Drewry has recently published its “Manning 2014 Annual Report”, which
says that the present assumed shortfall of 19,000 officers (where has the
number come from? Are hundreds of ships laid up because they can’t meet minimum
manning requirements??) will rise to almost 22,000 in three years. Perhaps because the report
caters to an industry that is focused- to the point of obsession-on cost
cutting, Drewry MD Nigel Gardiner said, “Manning costs look set to come under
renewed upward pressure, putting a further squeeze on profitability unless
owners are able to push freight rates higher." Particularly hit, the
report adds, will be specialised vessels like LNGs.
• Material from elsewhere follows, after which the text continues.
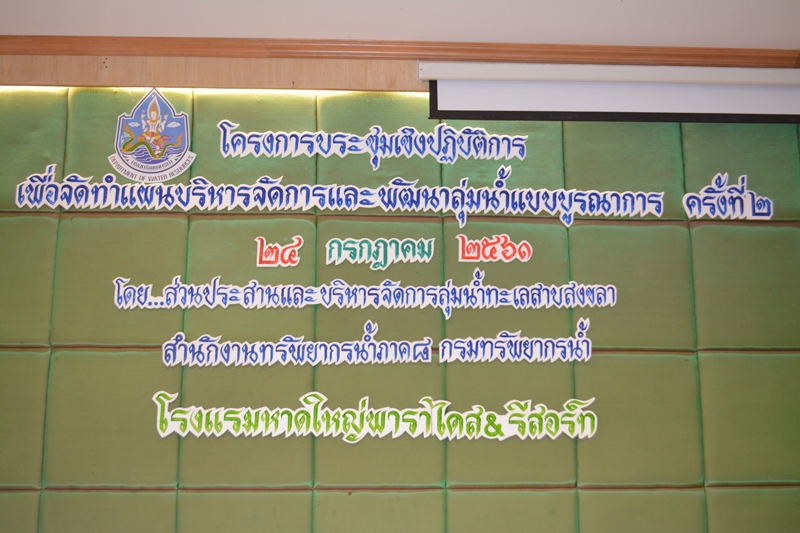 วันที่ 24 กรกฎาคม 2561 นายสุทัศน์ นุ้ยเล็ก ผู้อำนวยการส่วนพัฒนาและฟื้นฟูแหล่งน้ำ รักษาราชการแทน ผู้อำนวยการสำนักงานทรัพยากรน้ำภาค 8 มอบหมายให้นายสัมพันธ์ ดุลยาภรณ์ ผู้อำนวยการส่วนประสานและบริหารจัดการลุ่มน้ำทะเลสาบสงขลา พร้อมเจ้าหน้าที่ จัดโครงการประชุมเชิงปฏิบัติการเพื่อจัดทำแผนบริหารจัดการและพัฒนาลุ่มน้ำแบบบูรณาการ ณ โรงแรมหาดใหญ่พาราไดส แอนด์ รีสอร์ท อ.หาดใหญ่ จ.สงขลา โดยมีการบรรยายในหัวข้อวิชา วิเคราะห์เป้าหมายจำแนกตามยุทธศาสตร์รายกลุ่มลุ่มน้ำทะเลสาบสงขลา , ขั้นตอนในการจัดทำแผนงาน/โครงการ การบริหารจัดการทรัพยากรน้ำแบบบูรณาการในลุ่มน้ำทะเลสาบสงขลา (แผนปฏิบัติการปี 2563) โดยนายสัมพันธ์ ดุลยาภรณ์ ผู้อำนวยการส่วนประสานและบริหารจัดการลุ่มน้ำทะเลสาบสงขลา และแบ่งกลุ่มระดมความคิดพิจารณาแผนบริหารจัดการน้ำในลุ่มน้ำให้เชื่อมโยงกับแผนบูรณาการน้ำ และแผนบูรณาการภาค และจัดทำร่างแผนปฏิบัติการปี 2563 โดยเจ้าหน้าที่ส่วนประสานและบริหารจัดการลุ่มน้ำทะเลสาบสงขลา

The availability of senior
engineers across segments, shorter tours and ‘increased benefits’ to seamen
(which ones??) are said to be other issues of concern to ship owners.
(Somebody
should really compile statistics- in India, at least- of all those who have
paid through their noses for Pre Sea training and have not been able to secure
an on-board training berth for years. This is how we are gearing up for that
presumed officer shortage.)
Here’s what
I wrote a couple of years ago in this same column- “In 2009, a manning report put out by a leading British
consultancy said that there would be a shortage of 33000 officers at sea in
that year, and that this figure would reach 42700 by 2013. This despite the
fact that, months earlier, the worst financial crisis since the Great
Depression had already hit us”.
Deja Boo! (A
term I just coined. It means: trying to scare somebody with a story he has
heard before.)
As far as I
am concerned, all such reports are suspect and- more importantly- eventually
useless. Alarming officer shortage statistics were put out from about 2005
onwards; the numbers seemed to rise every month. If the industry actually believed
those reports, it should have been employing and training tens of thousands of
future officers. Since it did nothing of the sort, then the inference I make is
that either it did not believe such reports or that it believed them but did
not see a problem because it had its usual Plan A all ready and fired up- find
cheaper officers and/or reduce manning levels.
Besides, these
officer shortage tales, however well-intentioned or well compiled they may be, end
up feeding a complex system of continuing fraud that is perpetuated- in India
at least- against those who want to go out to sea. Training establishments will
quote, once again, huge ‘officer shortage’ statistics to lure the innocent. Many
officials in ownership or management firms will continue to take money under
the table in return for putting these cadets out at sea. And, the low calibre,
poor language and low motivation of many of these cadets will continue to
guarantee that they never will make good officers- even if squeeze through their
competency exams.
That is a
point often forgotten in the numbers game; that the industry needs efficient
and motivated officers, not just certified warm bodies. As things stand, only
owners or management setups that train cadets and absorb all of them in their
fleets have a chance in hell of achieving this.
Of course
there is no shortage of ratings, and analysts will have us believe that the International
Bargaining Forum (IBF, made up of the ITF and the maritime employers’ Joint
Negotiation Group) works well to ensure that wages are well-negotiated and decent
supply is continued. The same IBF has just concluded an agreement for three
years, by the way; ratings’ wages will rise at a princely rate of 1% in 2015,
2% in 2016 and 3.5% in 2017.
In any other
industry, a proposal for such a niggardly wage increment would cause hysterical
reactions, but not in shipping. Here, it is survival of the cheapest and to
hell with the seamen. We will worry about the risk that low quality of manpower
poses later. Perhaps we can meet in Geneva or Bali to discuss this.
So beware
seamen and wannabe seamen. Incompetent or malevolent statistics that-to quote
myself again, sorry- “promote the myth and
try to flood the market with mariners that ship owners will not pay an extra
dime for” should be taken with a big pinch of sea-salt.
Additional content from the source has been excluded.